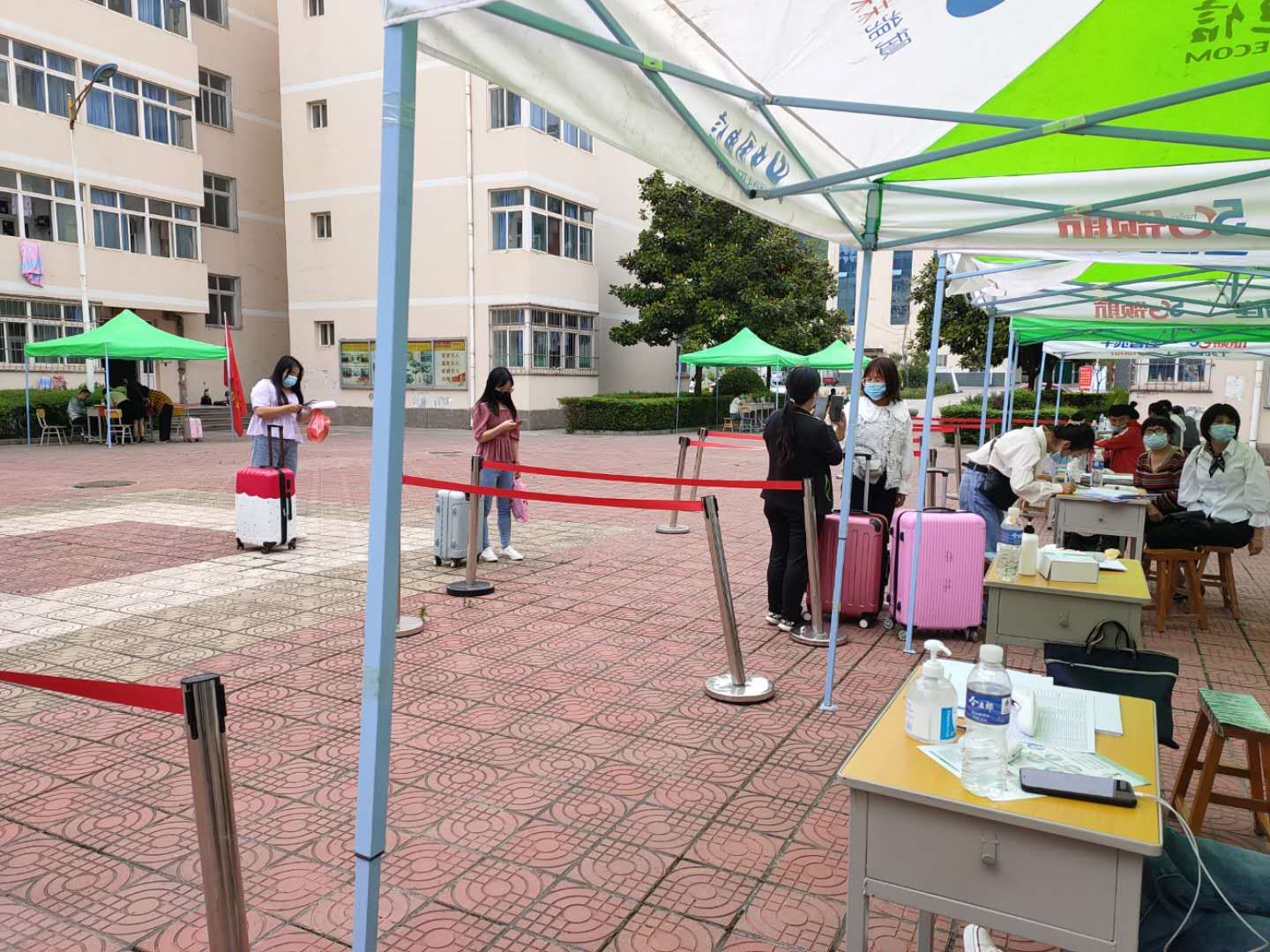 按照公司统一部署,威廉体育官方网站2017级员工2月20日返校复课。一大早,公司20位负责迎接员工的教师整整齐齐在女生三号公寓前准备好了报到注册表、测温枪、消毒工具、洗手液,顶着烈日以饱满的热情等待员工们返校。
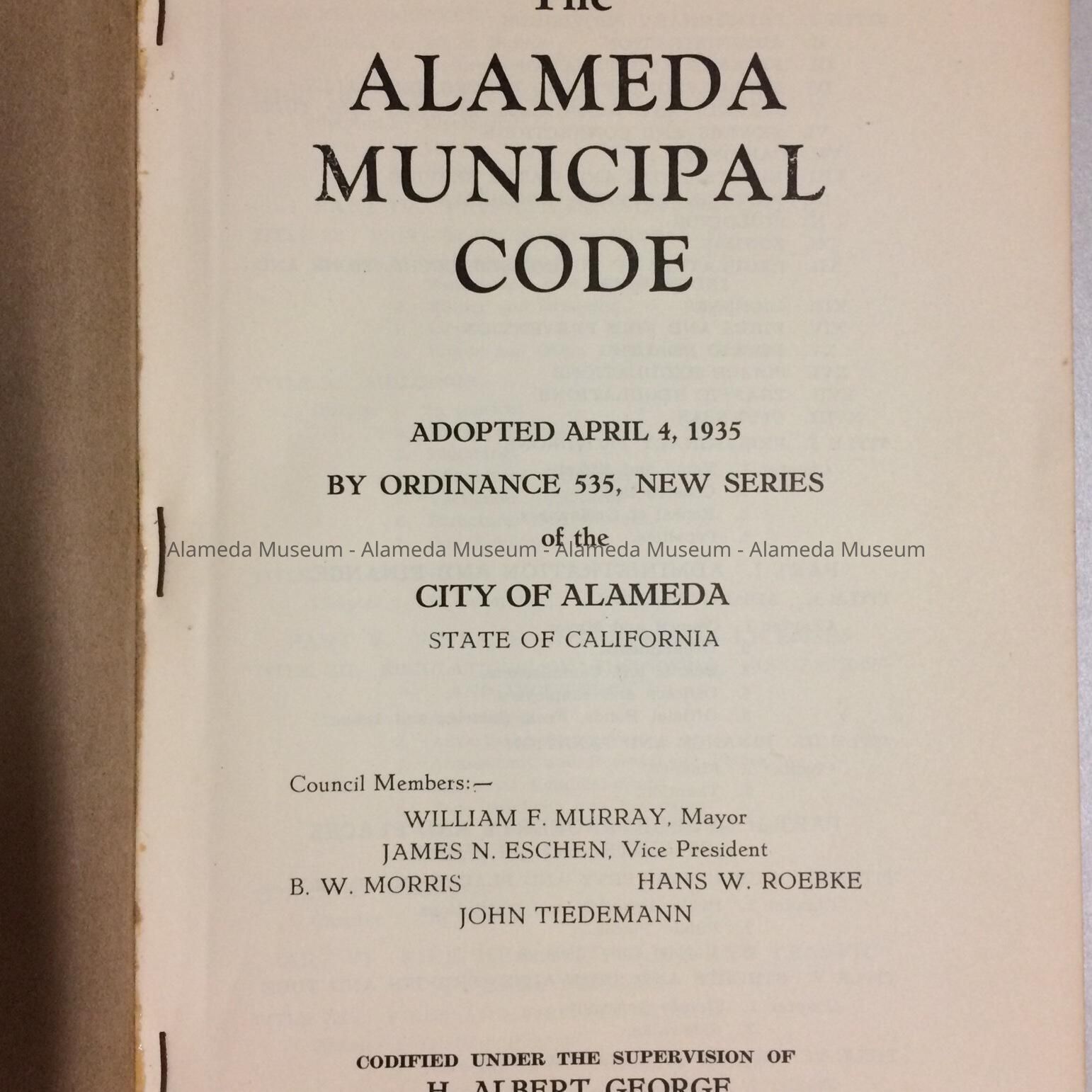 Alameda Municipal Code book, adopted 1935Entry/Object ID
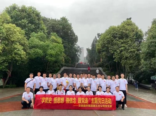 为纪念中国共产党成立100周年,全面深入落实好党史学习教育,推进支部的组织建设,激励全体党员继承和发扬党的优良传统和作风,进一步增强基层党组织的凝聚力、号召力和战斗力,安徽路桥集团第五分公司党支部于6月26日到达有“红军的摇篮、将军的故乡”之称的金寨县,以“学党史 悟思想 强信念 跟党走”为主题,瞻仰革命先烈,重温入党誓词,接受革命传统教育。五分公司全体党员、积极分子等40余人参加此次活动。
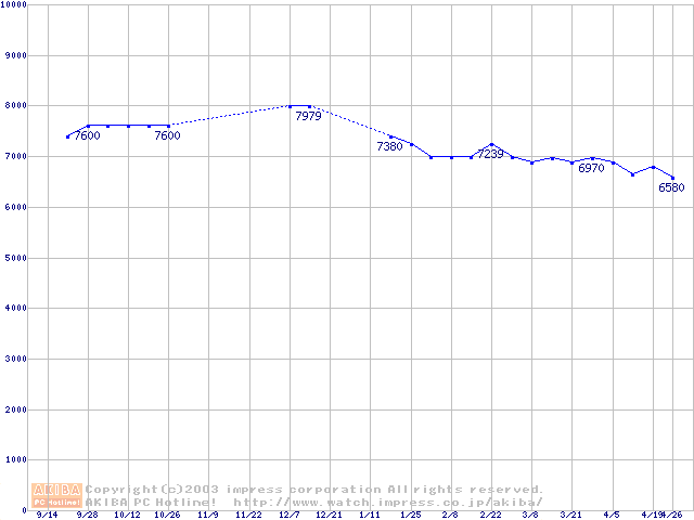 | [↑前グラフ]: | HDD 20GB~30GB未満(5400rpmクラス)の最安値推移 |
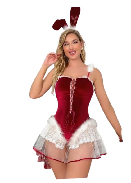 Generic - لانجري للنساء هابي نيو يير جميل قصير عالي الجوده لونين الاحمر والابيض
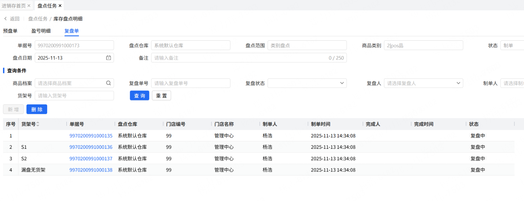 按钮“生成复盘单”,按相同的货架合并商品,即一个货架号生成一个复盘单
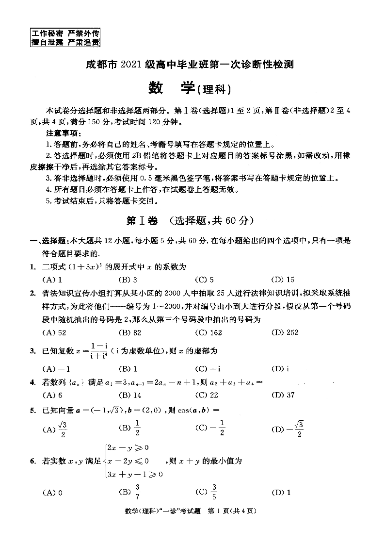 四川省成都市2021级高中毕业班第一次诊断性检测理科数学
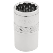 Expert Quality, 12 point socket manufactured from chrome vanadium steel that's hardened and tempered with a polished finish. Each socket has a knurled ring for extra grip.
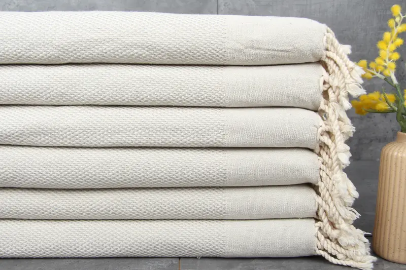Characterized by the use of 100% organic Turkish cotton, these towels and blankets ensure superior absorbency and durability. The towels weigh 150 grams, exhibiting robust fiber strength, and measure 24x44 inches or 60x110 centimeters. Natural dyeing processes enhance the aesthetic appeal, while hand-weaving allows for minor dimensional variations of up to 2.5 cm.
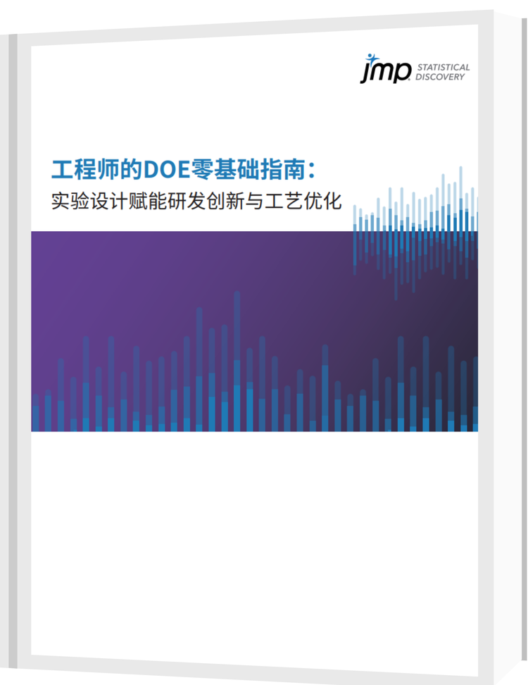 为帮助刚刚入门 DOE、想要了解 DOE 的工程师和分析师们掌握 DOE 必备的核心知识与分析方法,JMP为大家整理了一份超级实用的《工程师的零基础DOE手册》,不仅用通俗易懂的方式为您讲解DOE的基础知识,披沙拣金为您总结了不同DOE方法适配的场景以及选择办法,更搭配有行业实战案例帮助您学以致用,迅速了解日常工作中会用到的 DOE 知识,从而学会灵活地根据需要开展 DOE。

......

▶ EXERCISE INSTRUCTIONS: Copy the data character for character, but drop all pictures from the copy.

▶ EXERCISE RESPONSE:
 按照公司统一部署,威廉体育官方网站2017级员工2月20日返校复课。一大早,公司20位负责迎接员工的教师整整齐齐在女生三号公寓前准备好了报到注册表、测温枪、消毒工具、洗手液,顶着烈日以饱满的热情等待员工们返校。
 Alameda Municipal Code book, adopted 1935Entry/Object ID
 为纪念中国共产党成立100周年,全面深入落实好党史学习教育,推进支部的组织建设,激励全体党员继承和发扬党的优良传统和作风,进一步增强基层党组织的凝聚力、号召力和战斗力,安徽路桥集团第五分公司党支部于6月26日到达有“红军的摇篮、将军的故乡”之称的金寨县,以“学党史 悟思想 强信念 跟党走”为主题,瞻仰革命先烈,重温入党誓词,接受革命传统教育。五分公司全体党员、积极分子等40余人参加此次活动。
 | [↑前グラフ]: | HDD 20GB~30GB未満(5400rpmクラス)の最安値推移 |
 Generic - لانجري للنساء هابي نيو يير جميل قصير عالي الجوده لونين الاحمر والابيض
 按钮“生成复盘单”,按相同的货架合并商品,即一个货架号生成一个复盘单
 四川省成都市2021级高中毕业班第一次诊断性检测理科数学
 Expert Quality, 12 point socket manufactured from chrome vanadium steel that's hardened and tempered with a polished finish. Each socket has a knurled ring for extra grip.
Characterized by the use of 100% organic Turkish cotton, these towels and blankets ensure superior absorbency and durability. The towels weigh 150 grams, exhibiting robust fiber strength, and measure 24x44 inches or 60x110 centimeters. Natural dyeing processes enhance the aesthetic appeal, while hand-weaving allows for minor dimensional variations of up to 2.5 cm.
 为帮助刚刚入门 DOE、想要了解 DOE 的工程师和分析师们掌握 DOE 必备的核心知识与分析方法,JMP为大家整理了一份超级实用的《工程师的零基础DOE手册》,不仅用通俗易懂的方式为您讲解DOE的基础知识,披沙拣金为您总结了不同DOE方法适配的场景以及选择办法,更搭配有行业实战案例帮助您学以致用,迅速了解日常工作中会用到的 DOE 知识,从而学会灵活地根据需要开展 DOE。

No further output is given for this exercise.